**YOUR GOAL:**
Copy exactly, and only, the lines between the start of the entries below and the line containing "ห้องข่าวภาคเที่ยง - เหตุการณ์นี้เกิดขึ้นในตลาด", both inclusive. Omit pictures.

[Dataset entries]
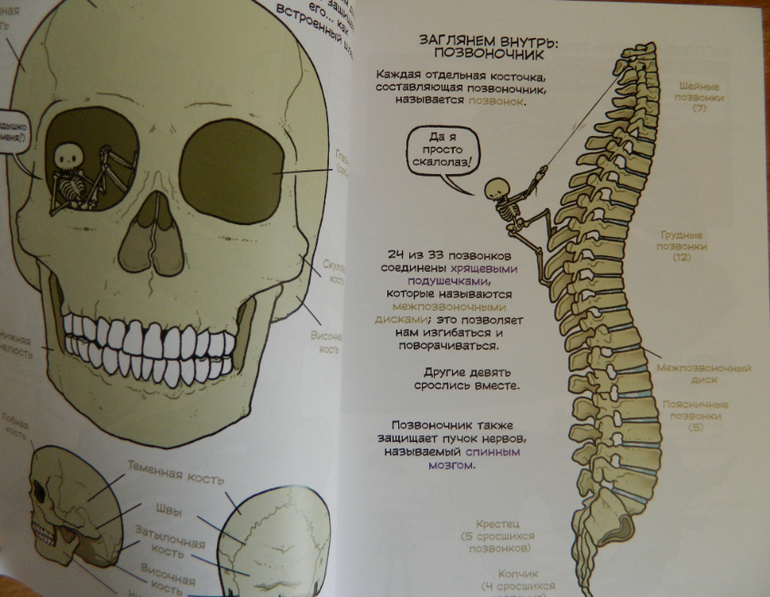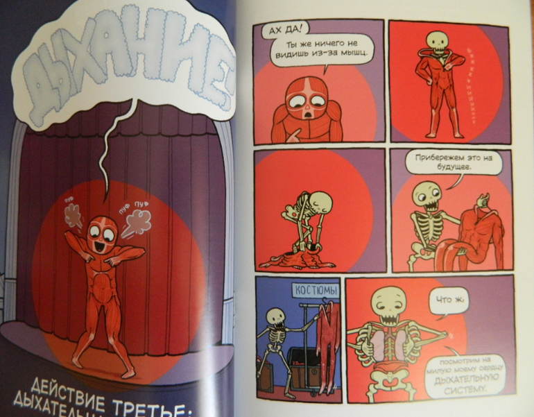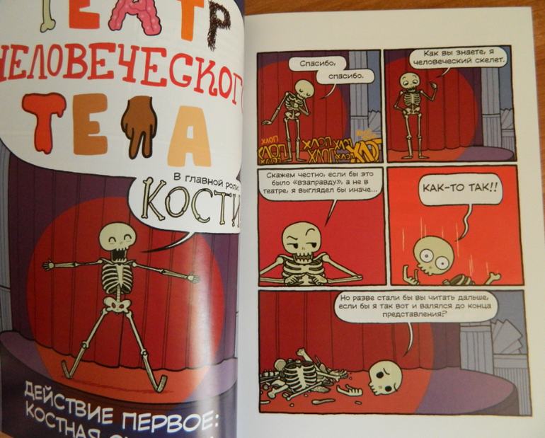 Начну, пожалуй, с "Театра..." Это комикс о теле человека. Выстроен в формате театрального представления, ведущим которого является.... скелет... очень милый, между прочим :)
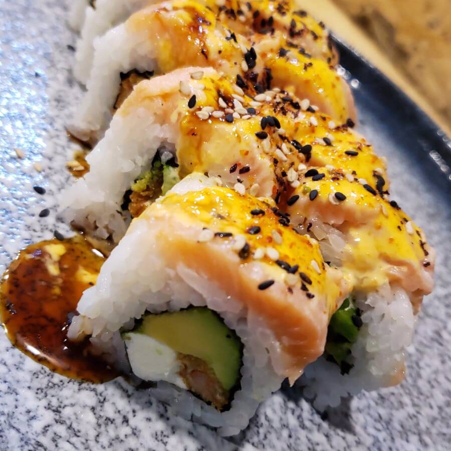 Maki relleno de queso crema, palta y ebi furai. Cubierto con trucha salmonada flameada, salsa spicy, tare, ajonjoli, togarashi, shizo, y gotas de limòn.
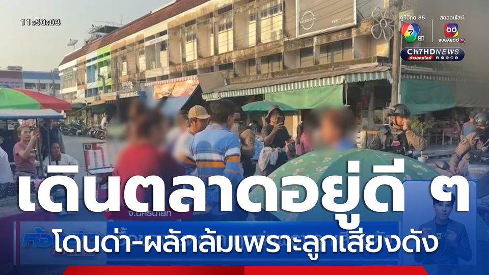 ห้องข่าวภาคเที่ยง - เหตุการณ์นี้เกิดขึ้นในตลาด ผู้หญิงคนหนึ่งพาลูกไปซื้อไส้กรอก ถูกผู้หญิงอีกคนเดินเข้ามาผลักจนล้ม แล้วด่าด้วยถ้อยคำรุนแรง กล่าวหาว่าเด็กเสียงดัง จะรุนแรงแค่ไหนไปชมจากคลิป
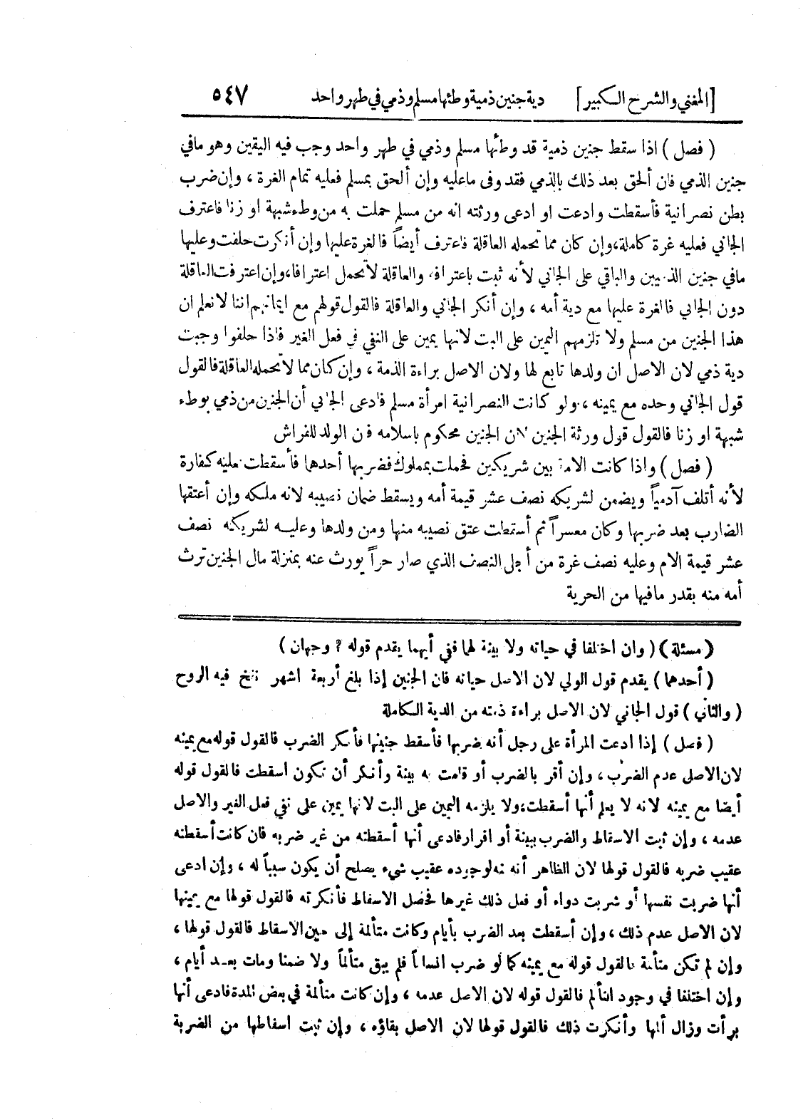 (مسألة) (وإن اختلفا في حياته ولا بينة لهما ففي أيهما يقدم قوله؟ وجهان) (أحدهما) يقدم قول الولي لأن الأصل حياته فإن الجنين إذا بلغ أربعة أشهر نفخ فيه الروح (والثاني) قول الجاني لأن الأصل براءة ذمته من الدية الكاملة (فصل) إذا دعت المرأة على رجل أنه ضربها فأسقط جنينها فأنكر الضرب فالقول قوله مع يمينه لأن الأصل عدم الضرب، وإن أقر بالضرب أو قامت به بينة وأنكر أن تكون أسقطت فالقول قوله أيضاً مع يمينه لأنه لا يعلم أنها أسقطت، ولا يلزمه اليمين على البت لأنها يمين على نفي فعل الغير والأصل عدمه، وإن ثبت الإسقاط والضرب ببينة أو إقرار فادعى أنها أسقطته من غير ضربه فإن كانت أسقطته عقيب ضربه فالقول قولها لأن الظاهر أنه منه لوجوده عقيب شئ يصلح أن يكون سبباً له، وإن ادعى أنها ضربت نفسها أو شربت دواء أو فعل ذلك غيرها فحصل الإسقاط فأنكرته فالقول قولها مع يمينها لأن الأصل عدم ذلك، وإن أسقطت بعد الضرب بأيام وكانت متألمة الى حين الإسقاط فالقول قولها، وإن لم تكن متألمة فالقول قوله مع يمينه كما لو ضرب إنساناً فلم يبق متألماً ولا ضمناً ومات بعد أيام، وإن اختلفا في وجود التألم فالقول قوله لأن الأصل عدمه، وإن كانت متألمة في بعض المدة فدعى أنها برأت وزال ألمها وأنكرت ذلك فالقول قولها لأن الأصل بقاؤه، وإن ثبت إسقاطها من الضربة
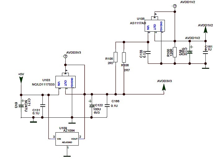 Luego de varios intentos nos pareció que el culpable era el conversor continua a continua U105 de 3V a 1,25V; pero al medir las tensiones encontramos una tensión de salida de 1,2V. Como me pareció una diferencia muy pequeña para que se produzca una falla total, procedí a medir las tensiones de entrada y salida en las condiciones de buen y mal funcionamiento y cuando funcionaba tenía 3V de entrada y 2,5V de salida en cambio cuando no funcionaba tenia 3V y 2,2V. Y como vi que era un regulador que se podía reemplazar fácilmente lo cambié y se resolvió el problema.
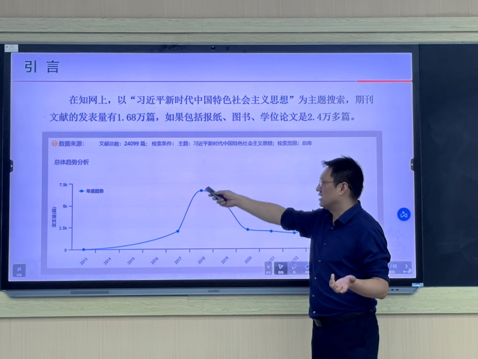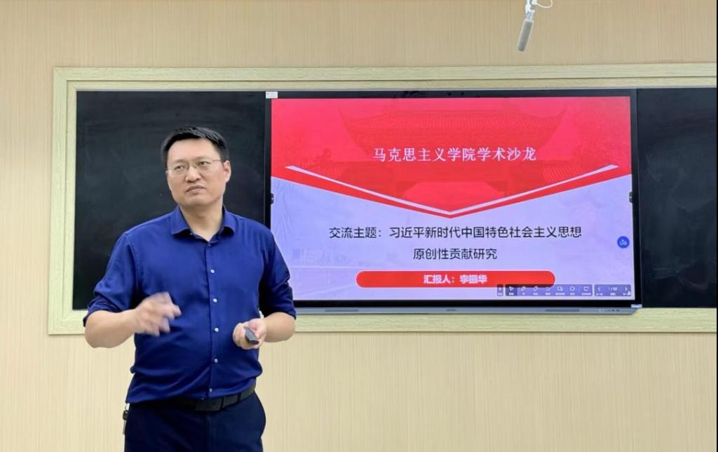 (通讯员 汤羽彤/文 刘诗雨/摄)9月30日,马克思主义学院求实导师学术沙龙第一期在东校区16教107教室成功举行。李振华副教授以“习近平新时代中国特色社会主义思想原创性贡献研究”为题作报告,学院60余名研究生参加学术沙龙活动。
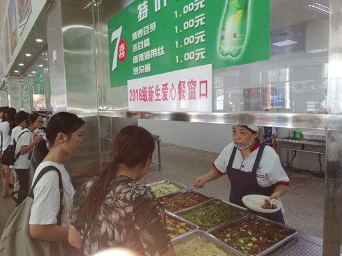 “一张爱心劵,一生九院情”,当2018级的会计新生来自贵州省麻江县的布依族同学王小飞拿着印着这十个字的爱心餐劵来到九江学院学生三食堂爱心窗口领取免费午餐的时候,小伙子很动情的告诉我们,没想到学校饮食服务中心想到这么周到,为了节省费用,自己一个人不用家人送,带着生源地贷款来到九江学院,没想到学校第一时间让自己这么感动。一顿爱心餐让我第一时间爱上了九院。
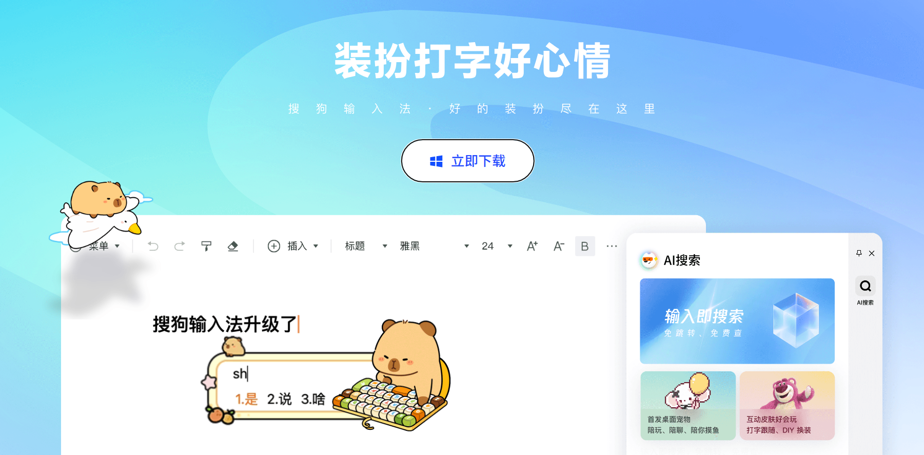 我第一个想起的便是学生时代用的输入法:搜狗输入法——这玩意在公司的不少电脑上都列装了。旧时光或许是给它蒙上了一层美好的滤镜,以至于我直接重进官网下载,而没有去搜索它现在的风评。
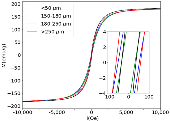 Figure 5 shows the images of the composites make with the different sizes of particles used. The photographs show a certain dispersion in shape and size of the particles. The images also show a random distribution of the particles in all the composites, and therefore the shape anisotropy due to the non-rounded particles would be averaged, resulting in the isotropic composites. No aggregates are observed that could contribute to an increase in the coercive field of the composites [48]. The different distribution of sizes observed would explain the behavior of the coercive field.
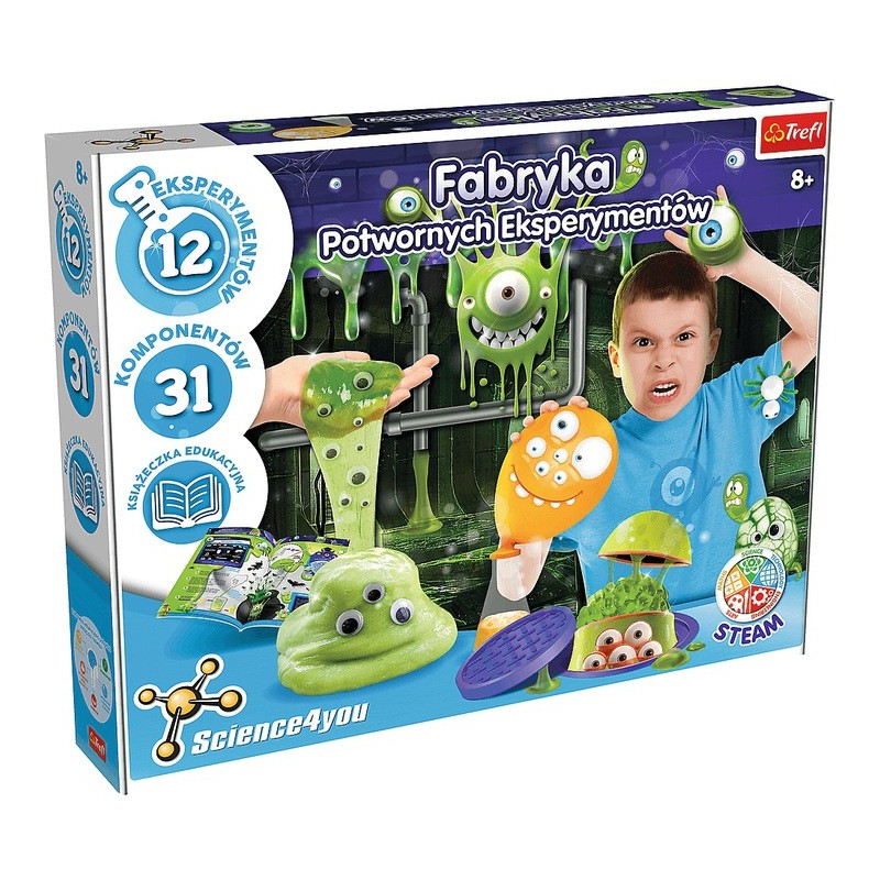 Do wykonania 12 eksperymentów. Dzięki temu zestawowi dowiesz się, czym są potwory i skąd pochodzą pierwsze wzmianki o nich, zdobędziesz wiedzę na temat różnorodnych mutacji, które mogą występować u ludzi. Poznaj pojęcie nauki, przeczytaj wiele potwornych faktów. Wykonaj mnóstwo ciekawych eksperymentów: klejący potwór, oko cyklopa a może smocze jajo.
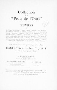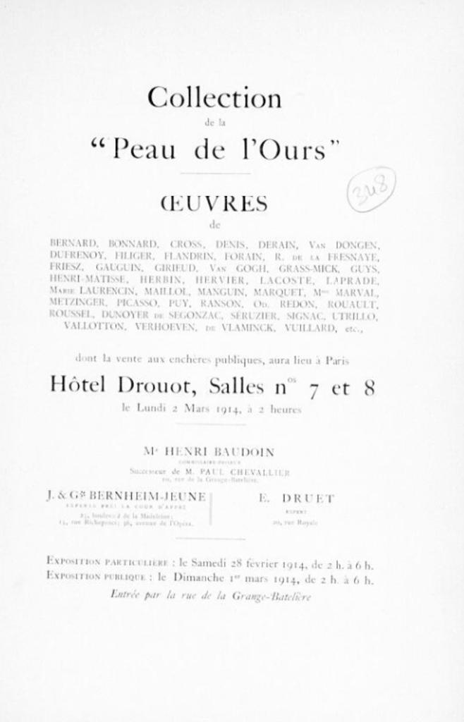 Collection de la "Peau de l'Ours", œuvres de Bernard, Bonnard, Cross, Denis, Derain, Van Dongen, Dufrenoy, Filiger, Flandrin, Forain, R. de la Fresnaye, Friesz, Gauguin, Girieud, Van Gogh, Grass-Mick, Guys, Henri-Matisse, Herbin, Hervier, Lacoste, Laprade, Marie Laurencin, Maillol, Manguin, Marquet, Mme Marval, Metzinger, Picasso, Puy, Ranson, Od[ilon] Redon, Rouault, Roussel, Dunoyer de Segonzac, Séruzier [sic], Signac, Utrillo, Vallotton, Verhoeven, de Vlaminck, Vuillard, etc..., Paris, Hôtel Drouot, Lundi 2 mars 1914 à 2 heures

**ANSWER BOX:**
 Начну, пожалуй, с "Театра..." Это комикс о теле человека. Выстроен в формате театрального представления, ведущим которого является.... скелет... очень милый, между прочим :)
 Maki relleno de queso crema, palta y ebi furai. Cubierto con trucha salmonada flameada, salsa spicy, tare, ajonjoli, togarashi, shizo, y gotas de limòn.
 ห้องข่าวภาคเที่ยง - เหตุการณ์นี้เกิดขึ้นในตลาด ผู้หญิงคนหนึ่งพาลูกไปซื้อไส้กรอก ถูกผู้หญิงอีกคนเดินเข้ามาผลักจนล้ม แล้วด่าด้วยถ้อยคำรุนแรง กล่าวหาว่าเด็กเสียงดัง จะรุนแรงแค่ไหนไปชมจากคลิป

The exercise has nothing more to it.